How does this relate to openEHR/archie#659 ? @MattijsK

borutjures · 2025-02-16T09:37:24Z

@joostholslag Maybe I can answer since it is Sunday. I'm using this repository as the "official" openEHR grammars in my tools. I believe the openEHR/archie#659 is for syncing these grammars into the Archie repository.

joostholslag · 2025-02-17T10:59:18Z

So why are they different repo's?

borutjures · 2025-02-17T12:10:25Z

Not everyone is using Archie, but everyone is using the grammars.

I suspect that the grammars in this repository weren’t always 100% of what was required by Archie so they made a copy of them. I remember that we discussed some of the required changes 3 years ago and Archie’s team and I were able to iterate faster by having our own copies of the grammars. From the last review we are now both using the exact copy of the grammars in this repository.

joostholslag · 2025-02-18T07:16:09Z

Ok check. As long as it's clear there's a proper source of truth. It might be interesting to do git submodule in Archie to include the ITS repo. And potentially include a branch of that in case you want to go ahead of the state of the ITS repo.

joostholslag · 2025-02-18T16:55:13Z

From the last review

Thanks for the info. @MattijsK seemed unaware. Could you kindle point to the commit/pr that changes the source for Archie?

MattijsK · 2025-02-20T09:23:43Z

From our point of view:

The grammar in this repo should be the grammar exactly as it is specified in the specification. Any change to this grammar should be thought about carefully and also be reflected in the specification.
The grammar in Archie is an implementation grammar that should have (necessary) freedom to do (small) fixes and changes so that implementers can work with it.

If we want to make this grammar up-to-date with the grammar in Archie, we should carefully look into every difference and decide if we want to add it to this grammar.

The grammar in this repository should be the leading grammar, but making Archie point directly to this grammar will be very complicated, or even almost impossible to work with.

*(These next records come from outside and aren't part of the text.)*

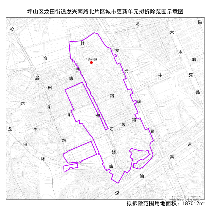 龍興南路北片區(qū)城市更新單元位于龍?zhí)锝值例執(zhí)锷鐓^(qū),深汕高速公路與龍興南路交匯處西北側(cè),擬拆除范圍用地面積約187012㎡,擬更新方向?yàn)?/span>居住等功能。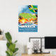 Desfrute de um lembrete constante de suas férias românticas na lua de mel na ilha Caribe da Jamaica, com este poster personalizável, com o mapa da ilha, com cenas e pôrs do sol de praia tropicais, e um fundo de aquarela oceânica. Personalize com seus próprios nomes e suas datas de lua de mel. Você também pode Editar usando a Ferramenta Design, para mover o círculo vermelho ao redor do mapa para realçar em qual recurso você estava hospedado. Também mova o texto 'seta para o coração' e 'Nós estávamos aqui!' para apontar para o seu recurso. Se você precisar de uma seta apontada para a direita, encontre-a na Ferramenta Design, passe o mouse sobre ela e clique no olho para torná-la visível (não se esqueça de esconder a seta apontadora para a esquerda se você usar esta opção!) Totalmente exclusiva de você, e uma maneira perfeita de invocar memórias daquela época especial em suas vidas.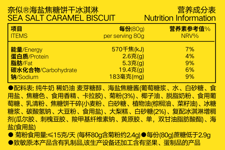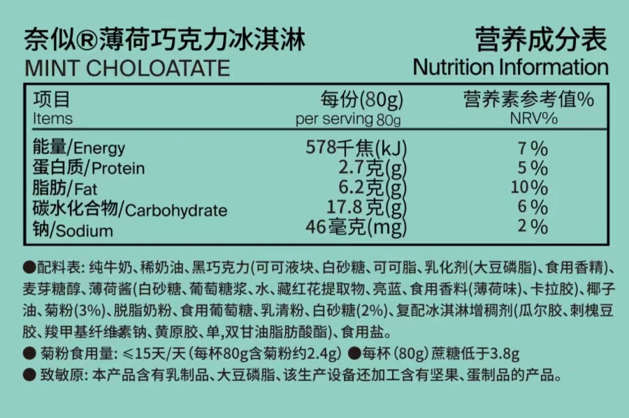比普通冰淇淋少了近50%的卡路里和70%的糖。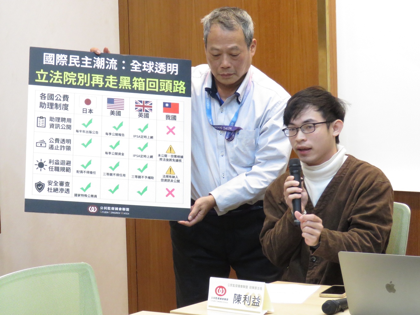 公督盟政策部主任陳利益強調:「在聘用資訊未公開、監管配套未建立前,卻先將助理費去監督化,形同拆掉公民監督的最後防線。結果不僅讓公帑流向無從查核,更使助理實際工時、加班情形與過勞剝削情形更加隱形。國民黨口口聲聲稱要「增加助理福利」,但在缺乏透明與究責機制下,只會成為看得到卻拿不到的空頭支票,合法化過勞與不當差別待遇,徹底背離勞權改革初衷。」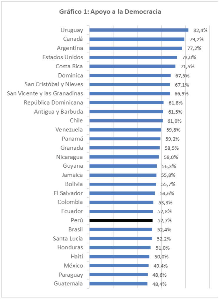 En el Perú, al igual que otros países de la región, el descontento con instituciones como los partidos políticos y la democracia ha crecido con el paso del tiempo. En el último estudio realizado por el Latin American Public Opinion Project (LAPOP) se evidencia la desafección de los ciudadanos peruanos para con el sistema democrático. Es así como solo el 52.7% de estos apoya a la democracia como la mejor forma de gobierno constituyendo al Perú como uno de los ocho países con menor apoyo a la democracia en América Latina. Esta desafección se ha mantenido a través del tiempo pues el porcentaje de ciudadanos que apoya al sistema democrático no ha pasado del 65% desde los estudios realizados a partir del 20064 (Carrión y Zárate 2018). Esta desazón con el sistema democrático ha tenido como consecuencia, en los casos más extremos, el rechazo al proceso electoral mediante el uso de la violencia política y el potencial apoyo a opciones no democráticas a cambio de seguridad o garantía de menor corrupción estatal.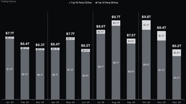 Decentralized perpetual futures exchanges (DEXs) experienced explosive growth in 2025, with trading volume soaring 346% year-over-year and total perpetual contract trading value reaching approximately $92.9 trillion. This robust expansion highlights a structural shift in the cryptocurrency market, where derivatives trading is increasingly dominating traditional spot markets.

borutjures · 2025-03-31T13:36:35Z

I was asked to review this PR (as a non-SEC member): I'm using the same grammar as proposed in this PR and it works in my tools. This means the grammar works in at least 2 separate implementations.

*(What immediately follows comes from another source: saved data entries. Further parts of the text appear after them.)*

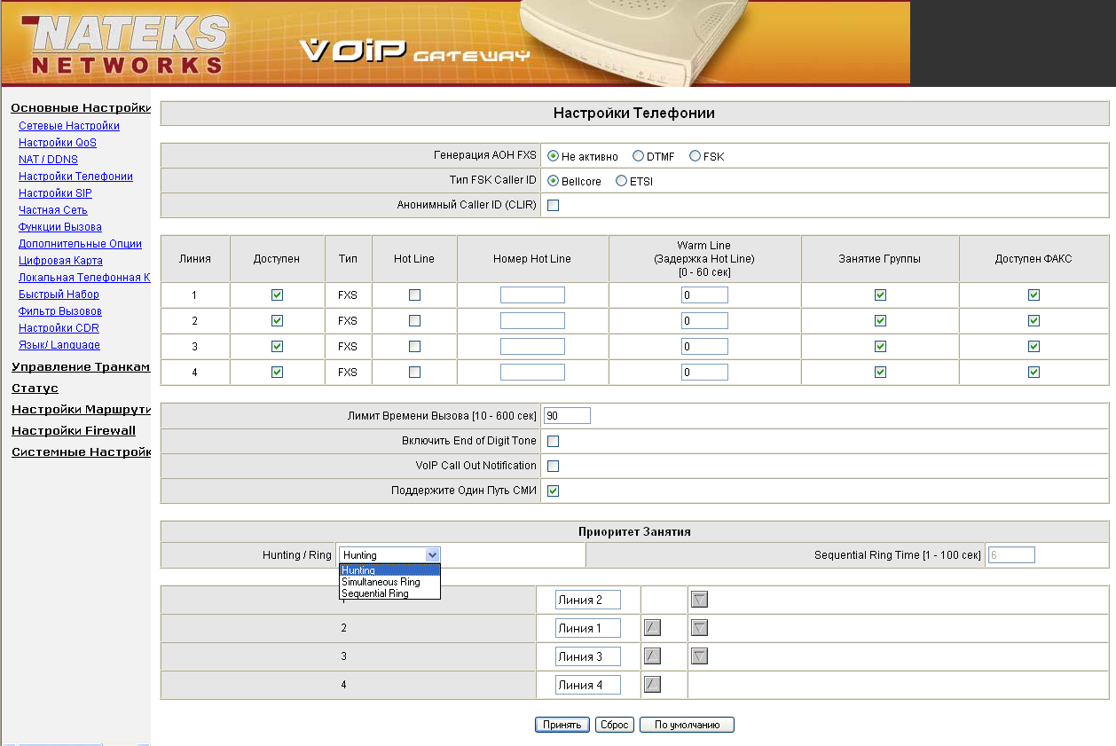 VoIP шлюз может помимо номеров на каждую линию иметь свой собственный номер. Если произвести вызов по этому номеру, то по умолчанию будет вызываться абонент на 1-й линии. Если 1-я линия занята — на 2-й линии, если 2-я занята — на 3-й и т.д. Приоритет вызова каждой линии устанавливается в настройках (рис. 3). Также возможно обзванивать каждую линию по очереди в случае, если истек заданный интервал времени, а трубку никто не поднял.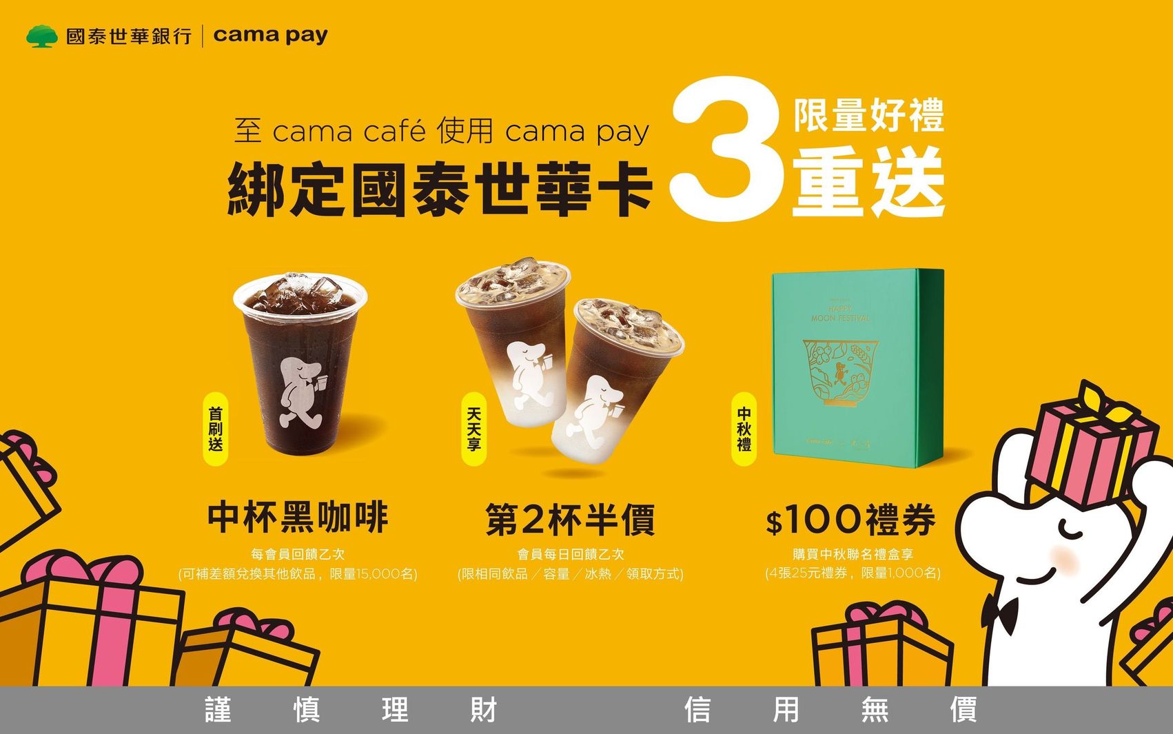 *活動期間:2019/7/22-2019/9/30/本活動僅限購買兩杯相同口味/容量/冰熱領取方式相同之飲品,每會員每日單筆交易最高限購 1 組(1 杯原價,1 杯半價為 1 組),並限當場領取,不提供寄杯與外送服務/符合首刷禮與中秋禮回饋資格者,中杯黑咖啡與禮券之電子票券將於隔週六前直接存入 cama café APP 券匣/中秋禮盒為限量商品,實際供應情況依各門市現場為準/本活動不得與門市其他優惠、行銷活動合併使用/大直植福店、和碩立德店、台北和碩店、汐止遠雄店、板橋亞東店、南港環球店、新光A8店、台大新館店、花蓮車站店及其他百貨商場/特殊通路門市,或其他經 cama 官方網站/APP/社群平台公告之門市,無法使用 cama pay 或享有本活動優惠 / 新設店家開幕期間兩週內不提供cama pay支付服務 / 如會員有違反活動公正或誠信之行為,致重複領取優惠券或侵害第三人之權利,經主辦單位查證屬實或第三人檢舉,有權向會員追回相關費用並依法處理。/ 國泰世華銀行與 cama café 對活動保留最後變更、解釋及終止之權利。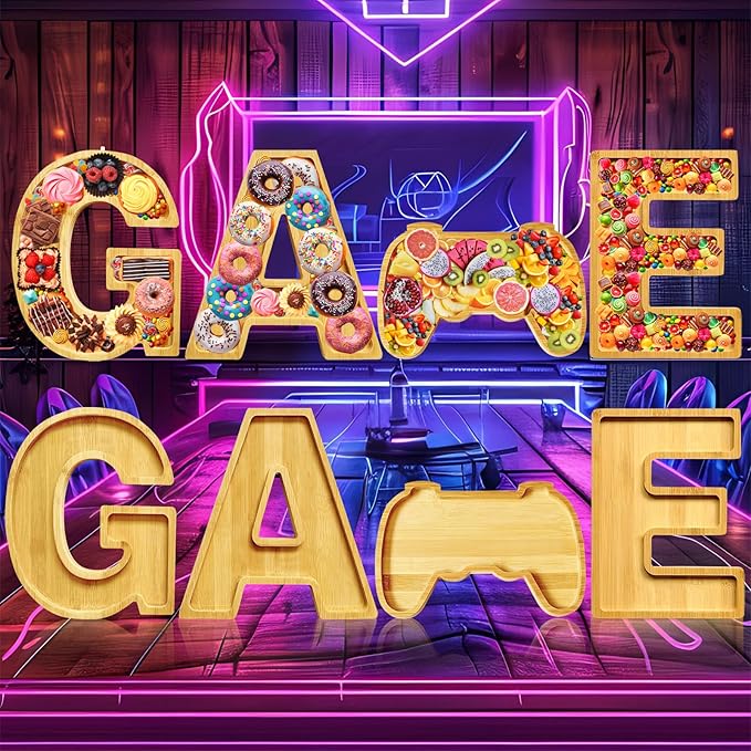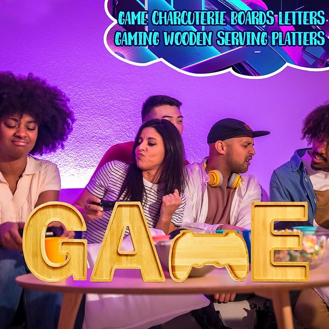 GAME Charcuterie Boards Letters Gaming Wooden Serving Platters for Snack Fruit Meat Fillable Cheese Board Gifts for Teenager Boys Birthday Party Supplies Rustic Tabletop Container Dishes Serving Trays

sebastian-iancu · 2025-11-11T14:03:42Z

@wolandscat can you please review this PR, and perhaps also answer the question if this is the repo to modify for the upcoming AM 2.4 release

wolandscat

This change here allows 0-filling of id-codes and at-codes. Neither is allowed in standard ADL2; only the legacy at-codes from ADL1.4 archetypes have this.

In particular, the AT_CODE symbol in ADl2 specifically doesn't mean the old legacy at-codes, which are non-systematic.

I would reverse this change, and do the following:

ID_CODE      : 'id' CODE_STR ;
AT_CODE      : 'at' CODE_STR ;
AC_CODE      : 'ac' CODE_STR ;
ADL14_AT_CODE: <put the old style regex here>

wolandscat

Now here, we should have:

node_identifier : ID_CODE | ADL14_AT_CODE

rongchen

Looks good, great job Mattijs!

wolandscat · 2025-11-27T12:52:03Z

As far as I can tell, the corrections I noted above have not been made. If they are not, the grammars will not function correctly. For example, they would allow nodes in top-level archetypes to have ids like CLUSTER[at3], when it can only be CLUSTER[id4] or CLUSTER[at0003]. The current changes don't distinguish badly formed (i.e. ADL1.4) at-codes and regular at-codes (i.e. ADL2 at-codes).

J3173 · 2025-12-02T10:24:27Z

@MattijsK and I have tried some options. This doesn't work:

ROOT_ID_CODE : ('id1'|'at0000') '.1'* ;
ID_CODE      : 'id' CODE_STR ;
AT_CODE      : 'at' CODE_STR ;
AC_CODE      : 'ac' CODE_STR ;
fragment CODE_STR : ('0' | [1-9][0-9]*) ( '.' ('0' | [1-9][0-9]* ))* ;
ADL14_AT_CODE      : 'at' ('0' | [0-9][0-9][0-9][0-9]) ( '.' ('0' | [1-9][0-9]* ))* ;

In this case the code at1234 would match both AT_CODE and ADL14_AT_CODE, and the lexer would always pick the first match, which is AT_CODE.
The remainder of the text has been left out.